В блокаду. Люди, пораженные дистрофией, шли по обледенелым проспектам, сами обледенелые, сберегая движения, и по сторонам не смотрели, а доводилось если поглядеть — только чтобы понять, куда идут. А бывало, когда шли, не отдавали отчета — куда.

С таким же выражением глаз.

Внешне все вроде по-прежнему — утром стрекочет машинка, и вечером она стрекочет, и ложатся рядом странички, стопки их растут, и он ездит на читательские конференции, и в Доме книги надписывает свои книги — стоит к нему огромная очередь и говорит мне, придя после одной из таких встреч:

— Ты знаешь, это очень приятно, но и нужно, ну да ты этого никогда не поймешь, ведь вы, драматурги, зайчики избалованные, вы привыкли выходить под свет софитов и привычно раскланиваться, посылая ручкой безешки на галерку, а мы, прозаики, всего этого лишены…

Все вроде по-прежнему.

Он даже снова ходит, как бывало, на рынок, это смолоду одно из его самых любимых занятий, он приезжал в другой город и тотчас же отправлялся на рынок.

Сам выбирает и покупает продукты и, если ждет гостей, спозаранку отправляется на базар с авоськой.

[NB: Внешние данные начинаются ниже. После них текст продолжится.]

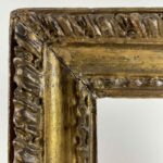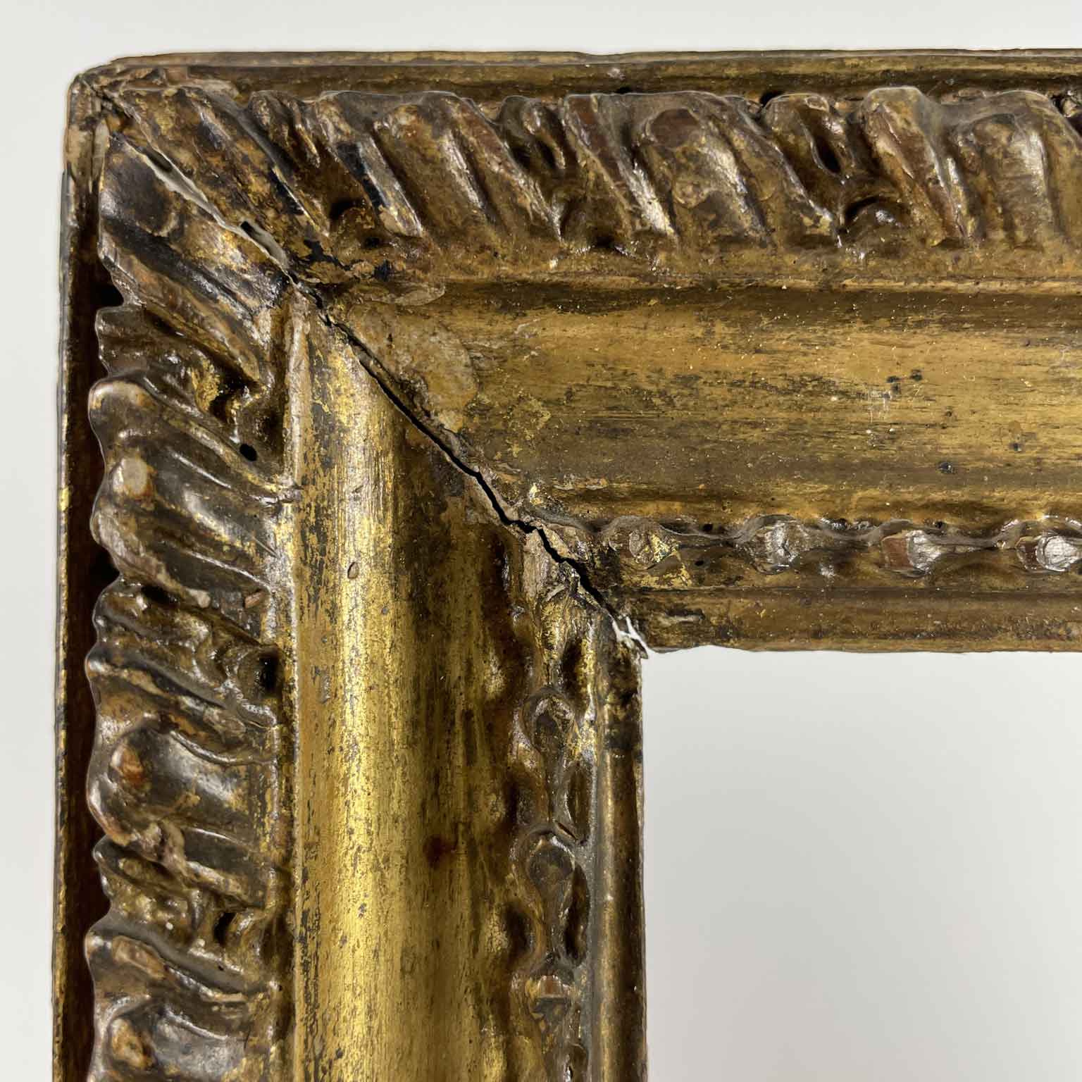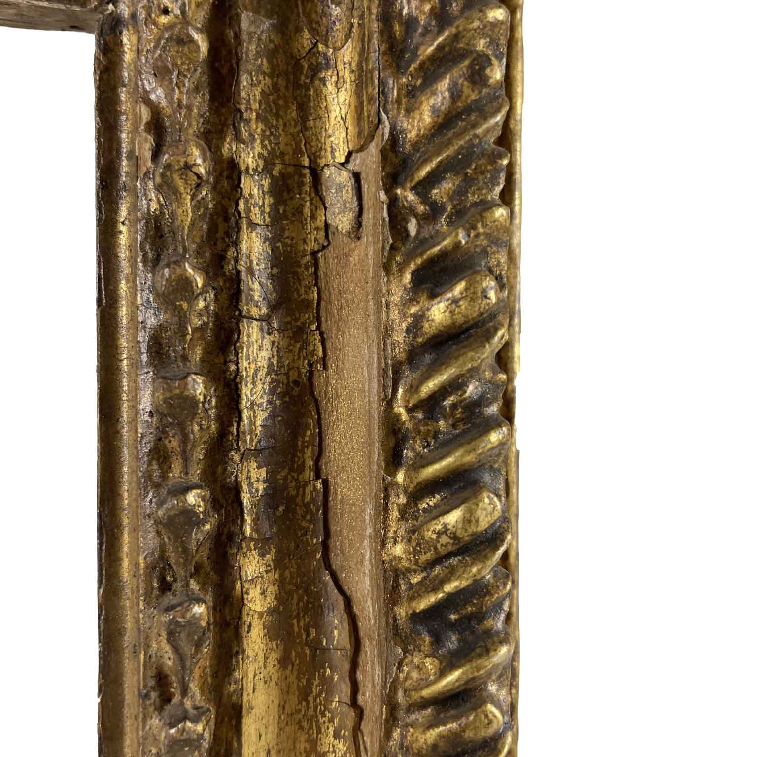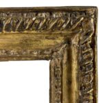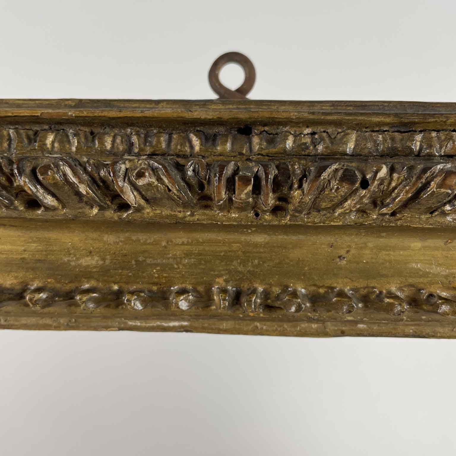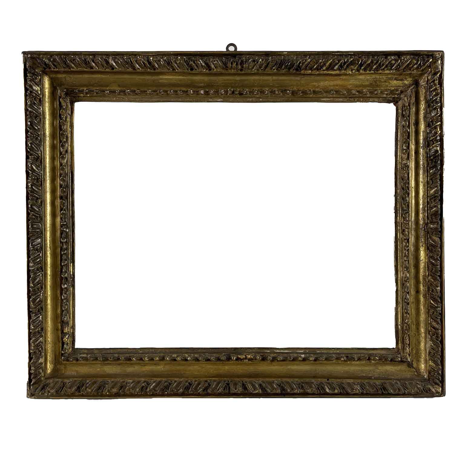 Coppia Cornici Dorate Romane 1700, rara coppia di antiche cornici Impero in legno intagliato e dorato, Roma XVIII secolo. Di forma rettangolare, a tre ordini di intaglio con bordure e ovoli,, questo pendant di cornici antiche romane è destinato  a opere grafiche, stampe o disegni antichi, considerandone l’esigua battuta interna di 1 cm.
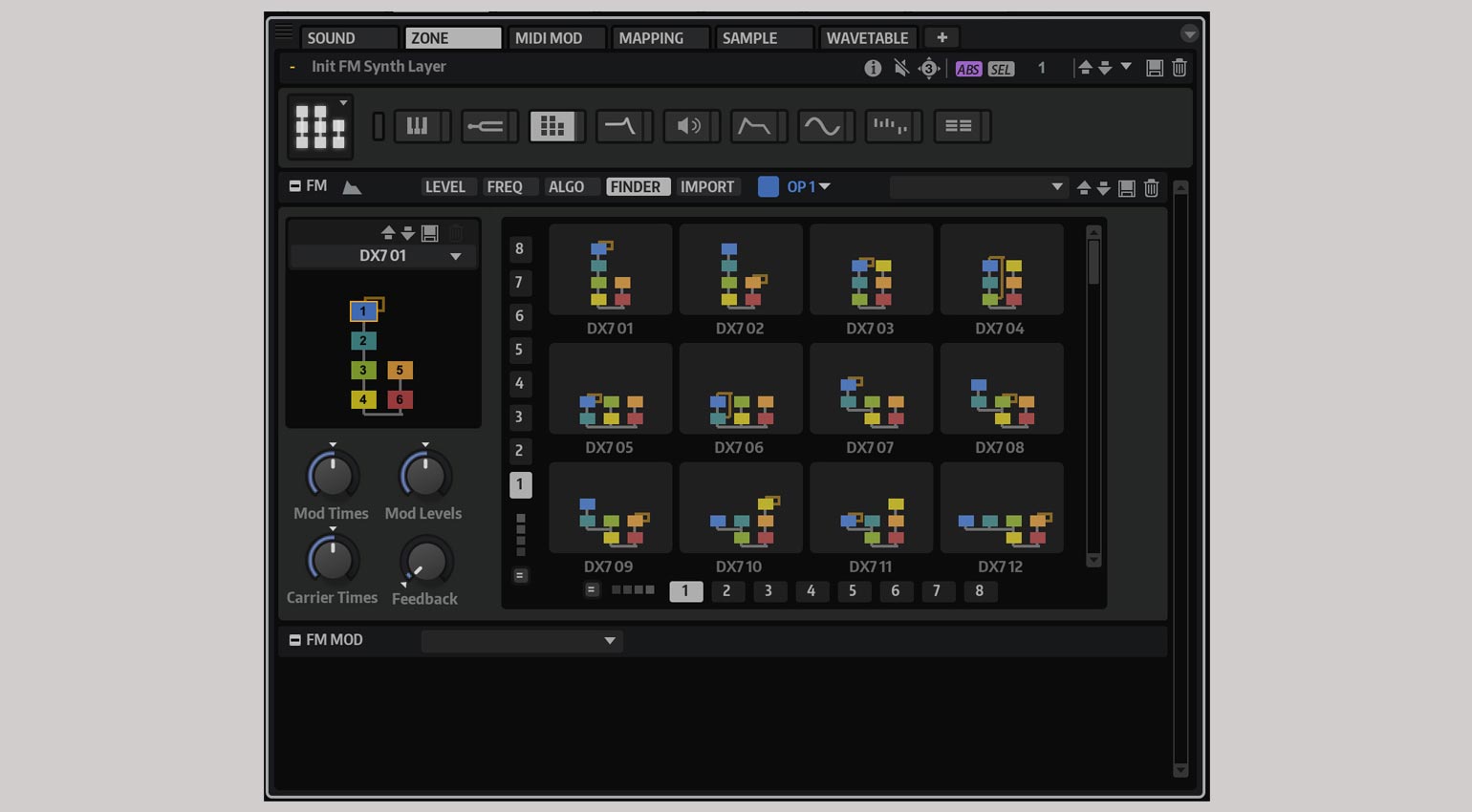 FM Zone wurde in Zusammenarbeit mit Yamaha entwickelt, der Erfinder des DX7 konnte bestimmt einige Expertise in Bezug auf FM-Synthese liefern. Und das wird viele freuen: FM Zone importiert Patches von DX7 und TX81Z!
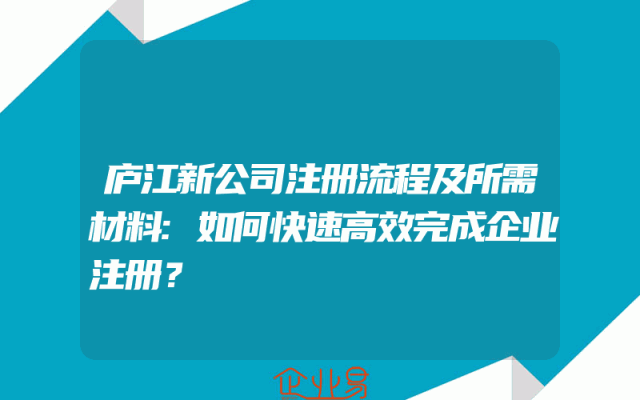 - 庐江新公司注册流程及所需材料:如何快速高效完成企业注册?

И, пользуясь своим привилегированным в органах милиции положением, прописывает кого-то, кого никак не прописывают, и пишет мне очередное письмо с очередной просьбой:

«Помоги этому парню. Если бы ты знал, какой он талантливый и настоящий мужичок. И как глумливо обошлась с ним жизнь».

И призывает своих московских друзей:

«Любите нас. Пишите нам. Мы — зайчики. Наверное, числа девятого будем в Москве, ко мне прилетает мой парижский брат, и я хочу проводить его из Москвы».

Но приезды в Москву становятся от месяца к месяцу реже, даже если это нужно по срочным делам — в Москве снимаются его фильмы, издаются его книги.

И в последний раз, когда прилетает его брат из Парижа, ни встречать его, ни провожать не может.

Нетранспортабелен.

И материал снимающегося в Москве фильма Юрию Павловичу возят в Ленинград.

— Итак, я вышел на любимую мною Дворцовую площадь. По-прежнему редкие здесь прохожие останавливаются и смотрят мне вслед, и я, будучи гадко тщеславным и не будучи в состоянии подавить в себе это низкое чувство, уже несколько приосанился и стал подумывать о том, что я и в самом деле популярен, как Штепсель и Тарапунька, и даже ощутил известный духовный подъем. Правда, завидев ангела на Александровской колонне и взглянув на арку Главного штаба, я тут же ощутил ничтожность моих суетных помыслов вблизи этих взлетов гения, не правда ли, пупсик? Ведь не вместе ли прохаживались мы в этих невероятных местах с Юрием Карловичем Олешей, когда он приезжал до войны в Ленинград, и, помнишь, Олеша сказал, глядя на эту арку, что ее надо читать, как стихи? А помнишь, как Олеша, приезжая в Ленинград, стоял в «Европейской» гостинице, и я ходил к нему принимать ванну, это было моим любимейшим занятием до войны — принимать ванну у заезжих москвичей. Кажется, это теперь называется «хобби»? А у тебя есть хобби? У меня теперь нет никаких хобби. Были хобби — кактусы, были хобби — фотографии, были хобби — рыбки. И сплыли. Так вот. А после войны мы снова с тобой бродили по Ленинграду, хотя я очень не люблю гулять, но мы шли с «Ленфильма» пешком и остановились на мосту и поглядели на Петропавловку, и на Биржу, и на особняки по набережной, и ты, отвратительная столичная штучка, глянув на все это, похлопал меня, жалкого провинциала, и сказал одобряюще:

«Смотри-ка, и у вас в Петербурге сохранились кое-где недурные уголки».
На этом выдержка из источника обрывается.